Previously, I hadn’t thought of Mayer as a serious artist, but he dispelled my misconception by showing his mastery of the guitar that night. I couldn’t believe how well he played: the fiery energy, the intuition to fit the moods of the music, the stamina for jamming, the technical cleanliness, and, most importantly, the soul. I looked intently at his hands on the fretboard so I could learn from him. He inspired me to practice more on guitar.
Naturally, after my first Dead concert, I started studying their catalog and wanted to go to more shows. Now, we typically attend both nights when the band plays at a venue (standard Deadhead practice).
From these concerts, I discovered that the Dead’s following is unique in carrying on the hippie ethos of peace and love and community from the ‘60s. A Dead concert is an all-day affair. People pull into the parking lot hours early to hang. Lawn chairs and grills come out. Dogs wander with their owners. Strangers chat and share stories and food and drinks. And there’s always Shakedown Street, a vendor area named after a Dead song; it’s small-scale capitalism with hippie good vibes.

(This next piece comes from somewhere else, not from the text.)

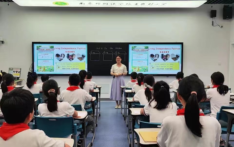 最先进行展示的是我校余慜老师所执教的《英语》五年级下册第六单元 Story time板块教学。余老师以现阶段学校正在举行的“生活自理节”为切入点展开话题,成功联结学生先前所学doing housework等语言知识,并由此引入In the kitchen单元主题。

In 2019, we built an epic trip around Dead & Company’s summer tour. We saw the band both nights at the Shoreline Amphitheatre in Mountain View, California, before embarking on a road trip up Highway 101 to witness dramatic stretches of America’s coastline. We hiked more than 20 miles through redwood forests and drove and walked beside the mighty Pacific Ocean. We made our way eventually to the Gorge in Washington, where we stood atop a cliff over the Columbia River, in search of America.